**Extracted records:**

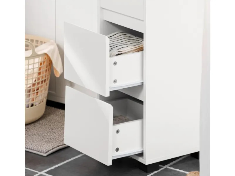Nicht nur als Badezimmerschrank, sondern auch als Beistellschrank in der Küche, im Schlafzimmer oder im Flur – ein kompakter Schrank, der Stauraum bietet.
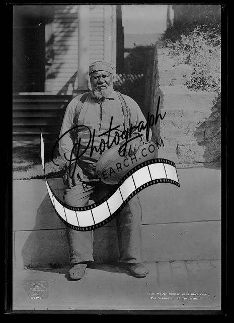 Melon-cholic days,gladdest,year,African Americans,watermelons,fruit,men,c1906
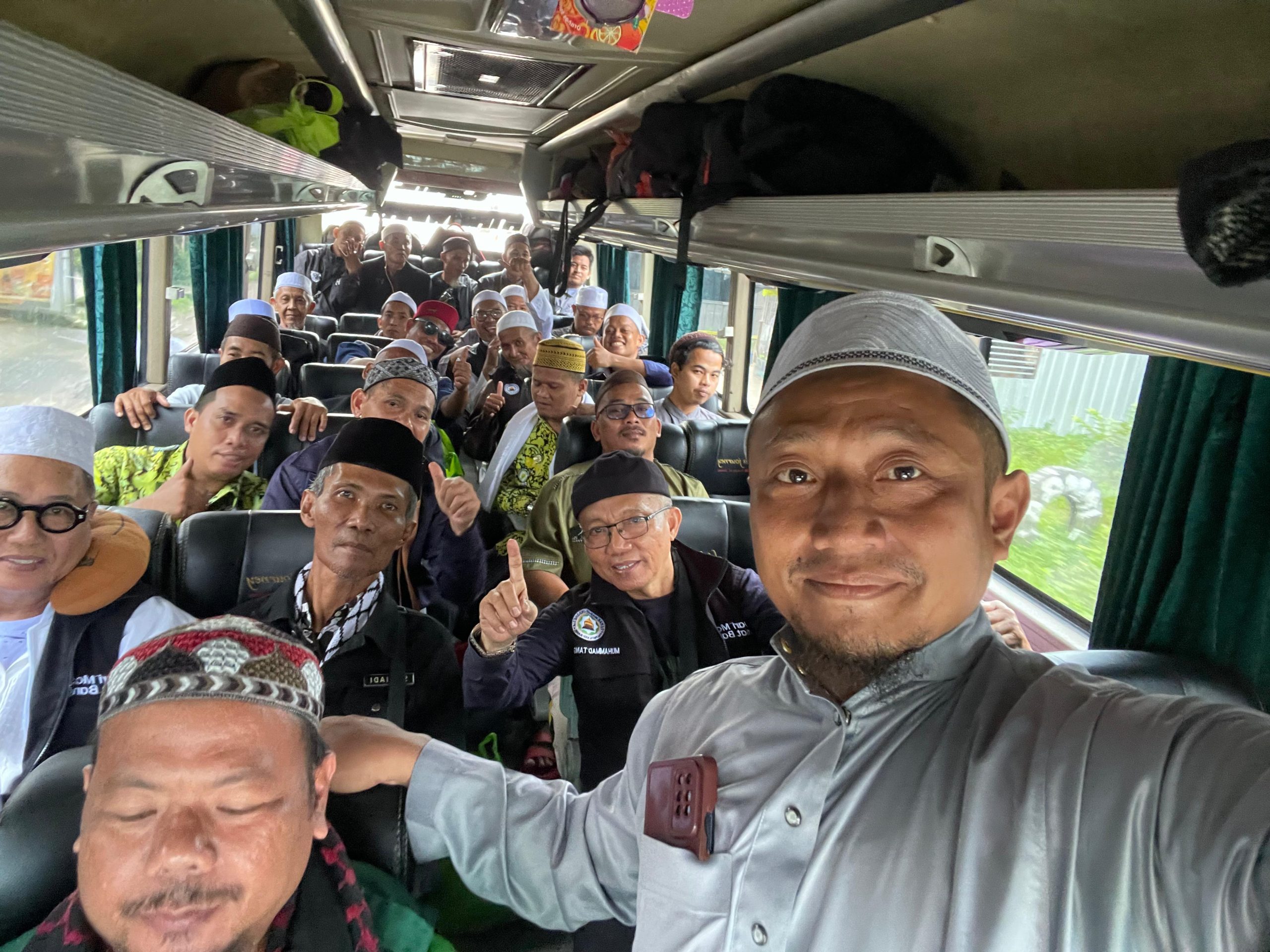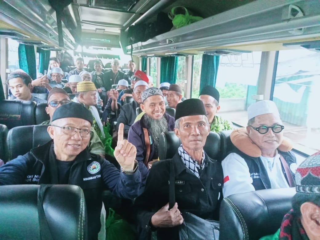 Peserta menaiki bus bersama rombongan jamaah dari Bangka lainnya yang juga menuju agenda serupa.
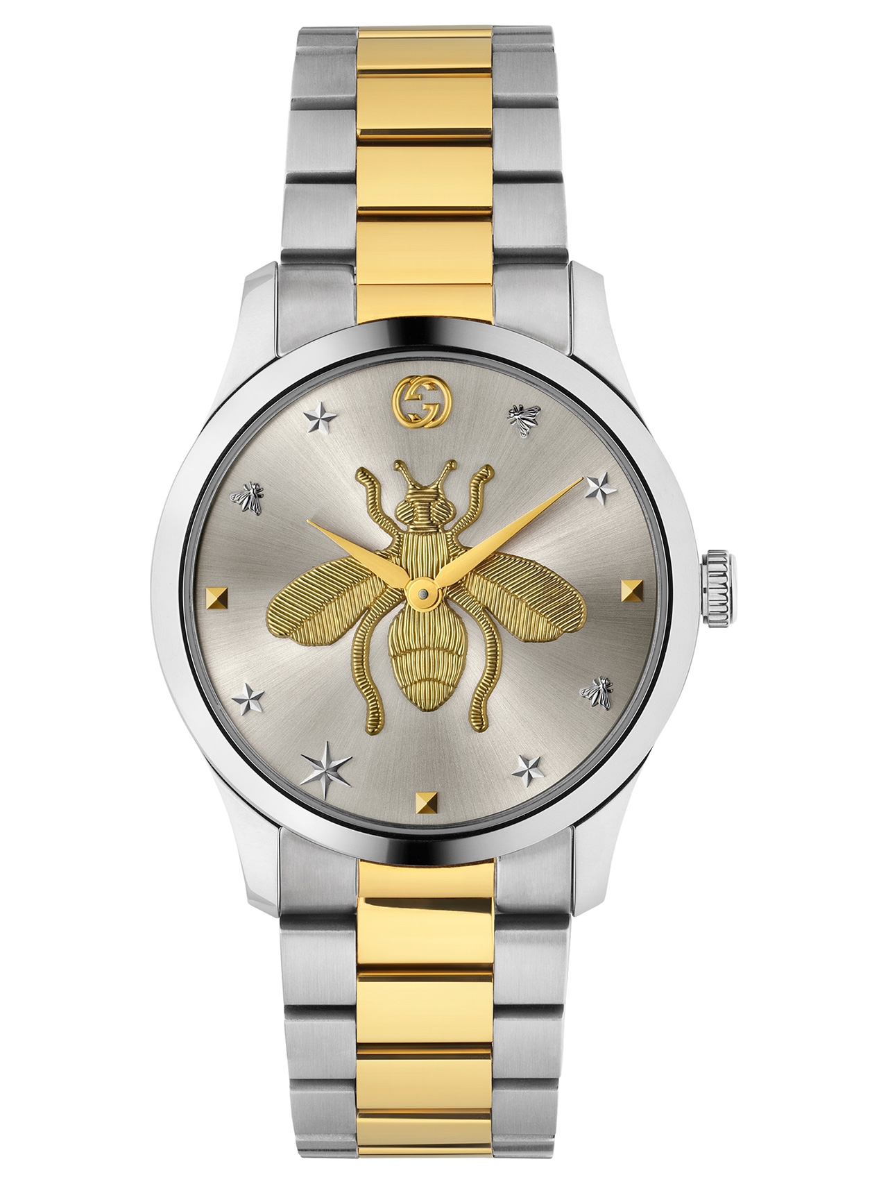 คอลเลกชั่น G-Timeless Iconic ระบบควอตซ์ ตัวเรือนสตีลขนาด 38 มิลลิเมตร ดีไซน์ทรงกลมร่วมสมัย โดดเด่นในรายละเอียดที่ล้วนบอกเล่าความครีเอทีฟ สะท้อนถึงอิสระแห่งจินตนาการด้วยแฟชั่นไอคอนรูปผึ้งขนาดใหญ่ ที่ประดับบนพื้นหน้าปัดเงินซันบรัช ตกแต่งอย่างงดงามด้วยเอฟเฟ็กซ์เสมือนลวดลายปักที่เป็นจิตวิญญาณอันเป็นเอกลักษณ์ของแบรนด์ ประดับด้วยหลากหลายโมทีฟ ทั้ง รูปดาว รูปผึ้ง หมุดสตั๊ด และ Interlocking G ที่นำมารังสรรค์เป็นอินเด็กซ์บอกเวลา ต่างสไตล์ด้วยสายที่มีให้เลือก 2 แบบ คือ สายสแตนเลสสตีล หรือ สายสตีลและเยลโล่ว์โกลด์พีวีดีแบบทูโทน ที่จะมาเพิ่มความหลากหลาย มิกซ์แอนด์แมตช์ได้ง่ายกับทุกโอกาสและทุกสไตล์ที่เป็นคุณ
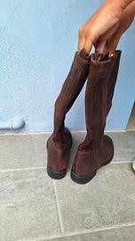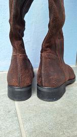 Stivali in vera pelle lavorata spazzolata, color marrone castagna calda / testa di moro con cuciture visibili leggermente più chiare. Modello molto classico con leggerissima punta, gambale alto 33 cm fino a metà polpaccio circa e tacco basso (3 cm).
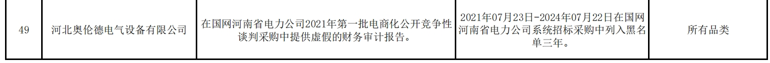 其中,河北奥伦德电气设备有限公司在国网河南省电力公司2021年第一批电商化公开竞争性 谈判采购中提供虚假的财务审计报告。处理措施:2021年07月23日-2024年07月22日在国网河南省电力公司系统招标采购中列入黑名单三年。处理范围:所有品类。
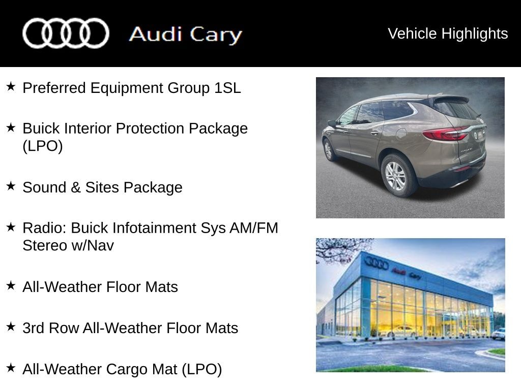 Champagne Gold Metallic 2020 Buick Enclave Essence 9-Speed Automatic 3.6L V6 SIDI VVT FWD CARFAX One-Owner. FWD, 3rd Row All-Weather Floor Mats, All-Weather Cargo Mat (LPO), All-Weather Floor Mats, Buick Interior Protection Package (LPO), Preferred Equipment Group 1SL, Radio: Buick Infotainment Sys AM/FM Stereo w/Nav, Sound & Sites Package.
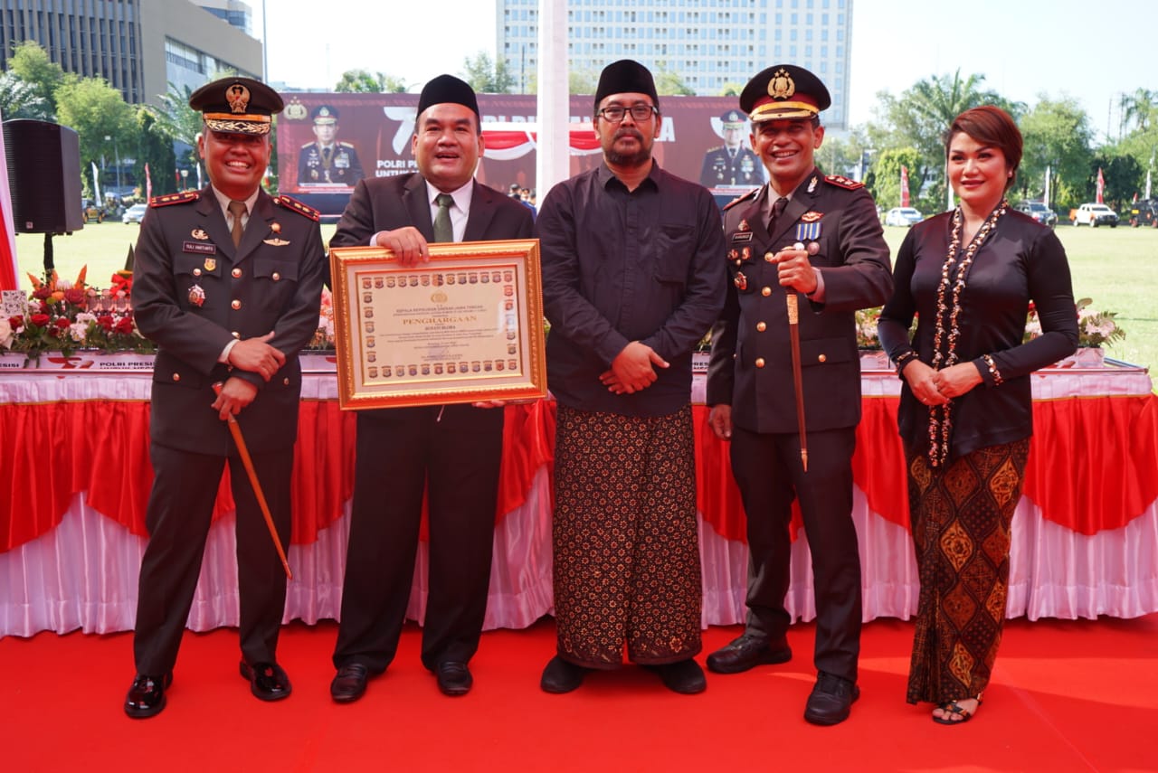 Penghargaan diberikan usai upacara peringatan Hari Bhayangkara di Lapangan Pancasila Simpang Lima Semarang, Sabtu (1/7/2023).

**Activity:** Extract from the material above the stretch running from the line containing "Stivali in vera" through the line containing "Champagne Gold Metallic". Keep the text exact and the pictures out.

**Answer for this exercise:**
 Stivali in vera pelle lavorata spazzolata, color marrone castagna calda / testa di moro con cuciture visibili leggermente più chiare. Modello molto classico con leggerissima punta, gambale alto 33 cm fino a metà polpaccio circa e tacco basso (3 cm).
 其中,河北奥伦德电气设备有限公司在国网河南省电力公司2021年第一批电商化公开竞争性 谈判采购中提供虚假的财务审计报告。处理措施:2021年07月23日-2024年07月22日在国网河南省电力公司系统招标采购中列入黑名单三年。处理范围:所有品类。
 Champagne Gold Metallic 2020 Buick Enclave Essence 9-Speed Automatic 3.6L V6 SIDI VVT FWD CARFAX One-Owner. FWD, 3rd Row All-Weather Floor Mats, All-Weather Cargo Mat (LPO), All-Weather Floor Mats, Buick Interior Protection Package (LPO), Preferred Equipment Group 1SL, Radio: Buick Infotainment Sys AM/FM Stereo w/Nav, Sound & Sites Package.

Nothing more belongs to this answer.